# Purple Hull Peas



## jc12551 (Feb 10, 2008)

What is the best way to preserve purplehull peas? I don't have a pressure cooker so canning is out. So do I freeze or dry? And how?


----------



## Just Little Me (Aug 9, 2007)

I do both drying and freezing of mine.
If I can, I leave them outside to just dry out in the sun.Then I shell them.
For freezing, I shell, blanch and then put then into the bags in amounts equal to a meal each.Lay it flat and stack them.


----------



## dixienc (Apr 11, 2008)

I shell, blanch for 3 minutes, cool and put in freezer bags too. Tasty lil buggers they are!


----------



## jc12551 (Feb 10, 2008)

sounds good.
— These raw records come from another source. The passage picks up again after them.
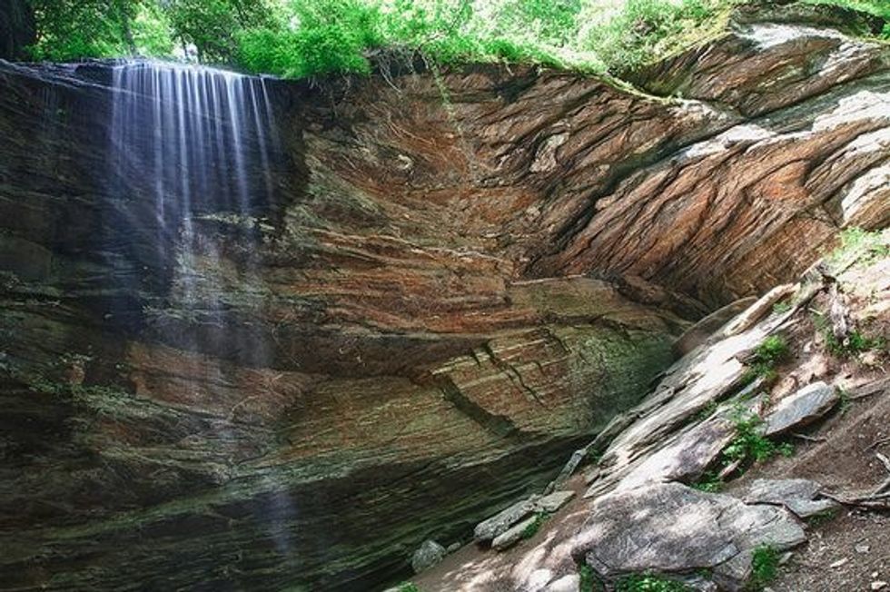 This beautiful, 50 ft free-falling waterfall is a modest one-mile hike away from Looking Glass Falls in the Pisgah National Forest. You'll pass through gorgeous moss-covered rocks and magical, lush forestry to find yourself under the hypnotic trickle of this magical spot. Set in a secluded area, these falls are one of the most underrated falls and often are considered a quiet retreat away from tourists. You'll cross a bridge over Looking Glass Creek and witness succulent wildlife on your journey to Moore Cove.
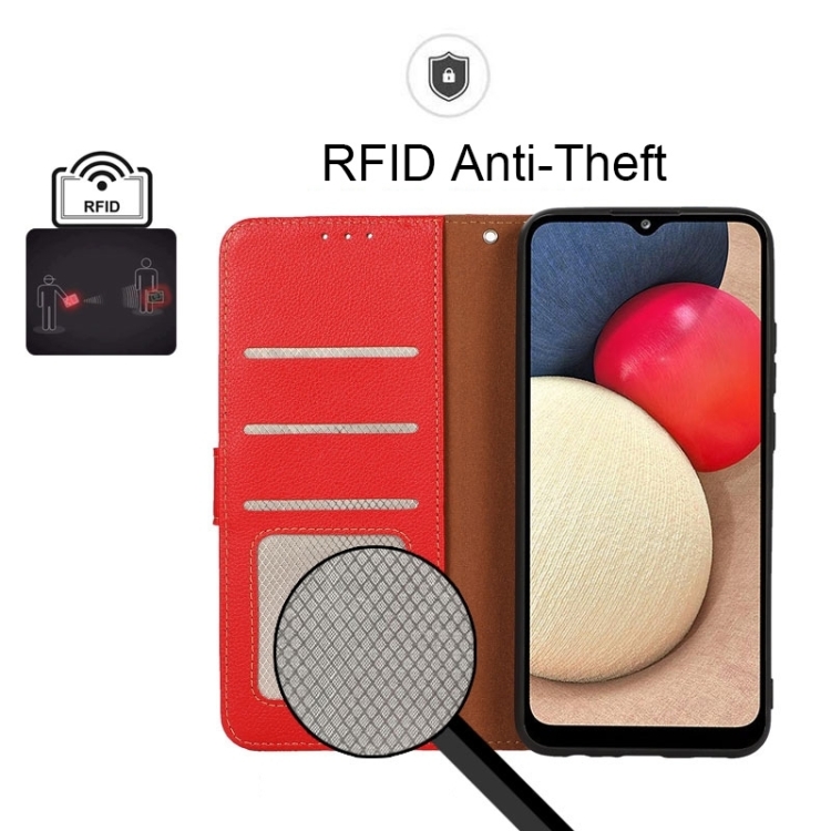 Funda para Motorola Moto G14 4G Khazneh Litchi Texture con Protección RFID de Cuero (Rojo)
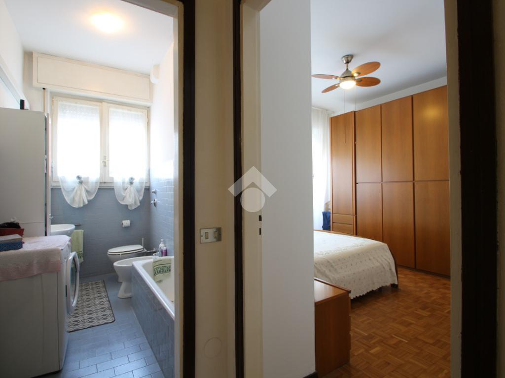 Dal soggiorno, attraverso una porta che separa in modo discrezionale gli ambienti, si accede alla zona notte. Una volta oltrepassata, si entra in un disimpegno funzionale, che distribuisce con ordine l'accesso: sulla sinistra troviamo un primo bagno finestrato dotato di vasca da bagno perfetta per momenti di relax e benessere.
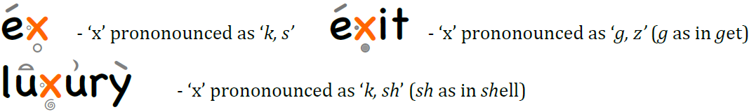 Where the letter ‘x’ consists of two sounds for the one grapheme, the first is a hard ‘c’ or ‘g’ and its SPS is placed in the centre-left of the ‘x’. The SPS for the second is placed beneath the ‘x’. E.g.
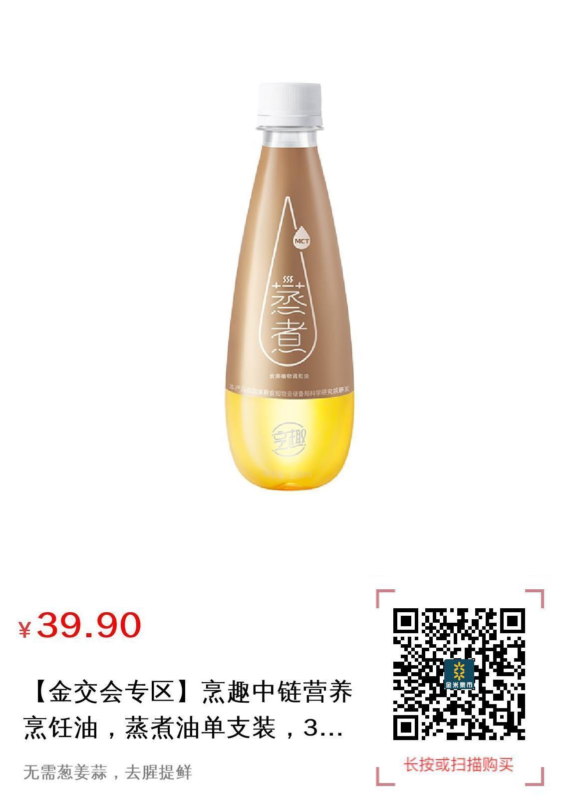 【金交会专区】烹趣中链营养烹饪油,蒸煮油单支装,330ml一瓶

Where I work we are selling them unshelled for 50 cents a pound u-pick. I have been tasked with coming up with a shelled price, but I am not sure about that yet.


----------



## praieri winds (Apr 16, 2010)

when I put up my peas I cook some bacon and then put the peas in the bacon fat for a few min then add onion and salt Pepper garlic and what ever else I want to spice them up add water and cook them all the way until done let them cool and put into containers freeze all I have to do then is thaw and warm them up taste like fresh to me


----------



## jc12551 (Feb 10, 2008)

I never thought about pre-cooking them. I picked six more pounds today and they are setting in my living room waiting for a good threshing.


----------